WORK TASK =
For this exercise, retype the lines from the one that holds "ভোলায় অস্ত্রসহ –" through the one that holds "⑤ 해외 로밍 데이터 50% 추가 (3월~8월)" in the records below, both included, exactly and without pictures.

SUPPLIED MATERIAL =
......

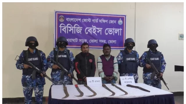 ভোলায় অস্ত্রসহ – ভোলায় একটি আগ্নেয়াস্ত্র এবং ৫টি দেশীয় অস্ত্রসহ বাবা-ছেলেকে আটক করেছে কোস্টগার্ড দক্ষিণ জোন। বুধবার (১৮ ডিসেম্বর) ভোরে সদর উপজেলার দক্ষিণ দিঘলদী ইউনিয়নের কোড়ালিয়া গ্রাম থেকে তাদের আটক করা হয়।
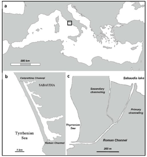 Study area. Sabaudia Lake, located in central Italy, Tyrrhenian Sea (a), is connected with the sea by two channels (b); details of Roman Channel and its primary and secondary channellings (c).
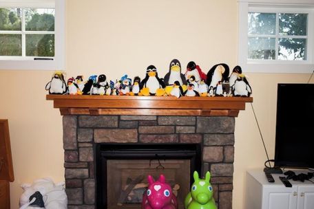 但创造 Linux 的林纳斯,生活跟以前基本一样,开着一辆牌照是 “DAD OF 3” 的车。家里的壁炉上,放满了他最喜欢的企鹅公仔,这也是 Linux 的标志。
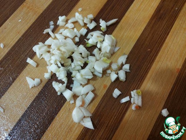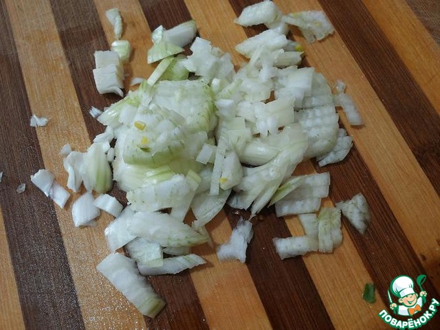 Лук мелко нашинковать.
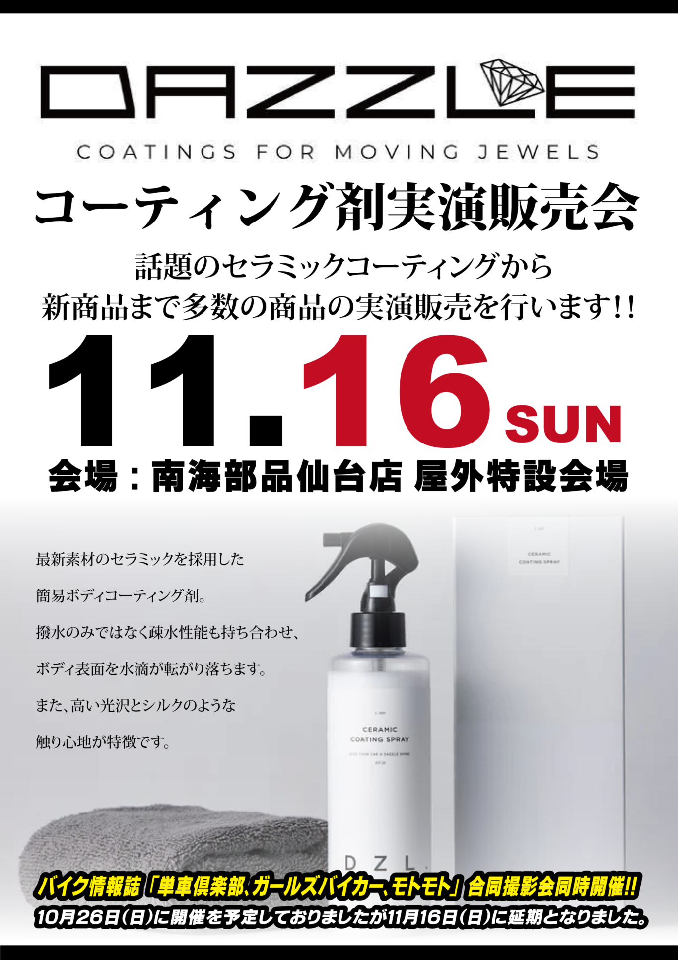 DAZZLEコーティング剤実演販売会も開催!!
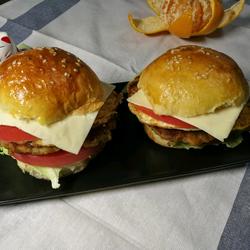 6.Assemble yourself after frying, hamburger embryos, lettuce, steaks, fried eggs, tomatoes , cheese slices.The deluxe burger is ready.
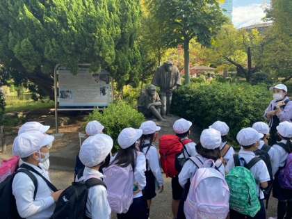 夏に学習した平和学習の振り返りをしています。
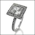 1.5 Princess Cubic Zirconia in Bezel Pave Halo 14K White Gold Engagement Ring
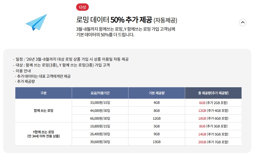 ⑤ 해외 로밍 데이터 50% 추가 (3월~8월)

......

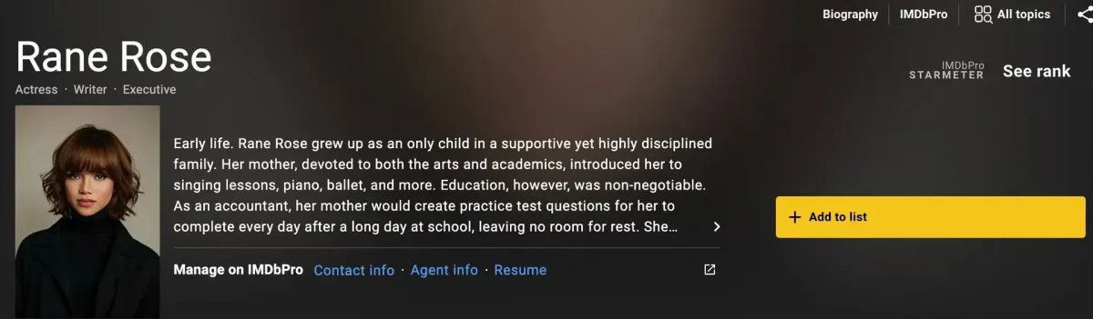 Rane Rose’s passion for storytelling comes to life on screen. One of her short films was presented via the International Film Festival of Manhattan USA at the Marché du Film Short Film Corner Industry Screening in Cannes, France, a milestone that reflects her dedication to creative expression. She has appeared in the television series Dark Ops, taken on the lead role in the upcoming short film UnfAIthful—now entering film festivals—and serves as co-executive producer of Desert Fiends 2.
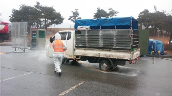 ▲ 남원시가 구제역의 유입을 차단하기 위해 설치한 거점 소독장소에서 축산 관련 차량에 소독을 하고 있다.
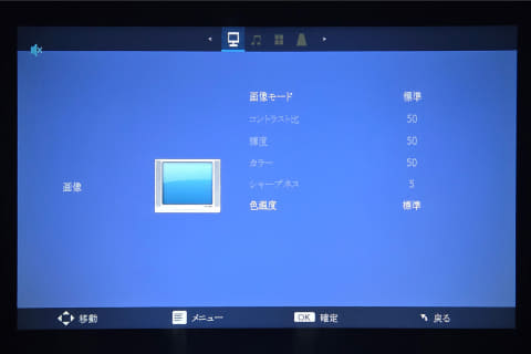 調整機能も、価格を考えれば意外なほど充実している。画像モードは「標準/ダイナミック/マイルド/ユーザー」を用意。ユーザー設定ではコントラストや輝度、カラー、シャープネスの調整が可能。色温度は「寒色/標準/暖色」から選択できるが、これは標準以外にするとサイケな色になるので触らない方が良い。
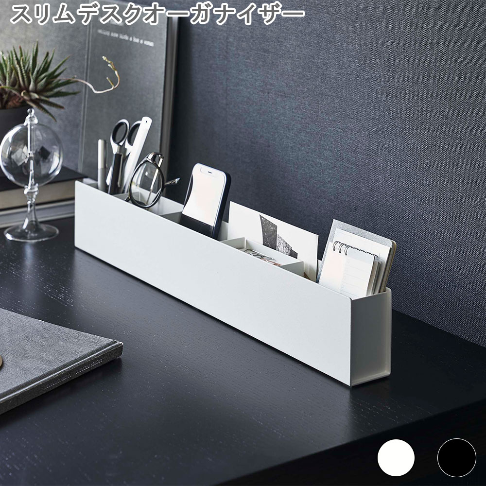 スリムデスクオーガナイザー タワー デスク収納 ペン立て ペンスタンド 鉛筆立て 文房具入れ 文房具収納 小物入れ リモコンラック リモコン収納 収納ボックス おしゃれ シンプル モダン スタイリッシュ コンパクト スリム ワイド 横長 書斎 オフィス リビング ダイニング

......

EXERCISE RESULT =
 ভোলায় অস্ত্রসহ – ভোলায় একটি আগ্নেয়াস্ত্র এবং ৫টি দেশীয় অস্ত্রসহ বাবা-ছেলেকে আটক করেছে কোস্টগার্ড দক্ষিণ জোন। বুধবার (১৮ ডিসেম্বর) ভোরে সদর উপজেলার দক্ষিণ দিঘলদী ইউনিয়নের কোড়ালিয়া গ্রাম থেকে তাদের আটক করা হয়।
 Study area. Sabaudia Lake, located in central Italy, Tyrrhenian Sea (a), is connected with the sea by two channels (b); details of Roman Channel and its primary and secondary channellings (c).
 但创造 Linux 的林纳斯,生活跟以前基本一样,开着一辆牌照是 “DAD OF 3” 的车。家里的壁炉上,放满了他最喜欢的企鹅公仔,这也是 Linux 的标志。
 Лук мелко нашинковать.
 DAZZLEコーティング剤実演販売会も開催!!
 6.Assemble yourself after frying, hamburger embryos, lettuce, steaks, fried eggs, tomatoes , cheese slices.The deluxe burger is ready.
 夏に学習した平和学習の振り返りをしています。
 1.5 Princess Cubic Zirconia in Bezel Pave Halo 14K White Gold Engagement Ring
 ⑤ 해외 로밍 데이터 50% 추가 (3월~8월)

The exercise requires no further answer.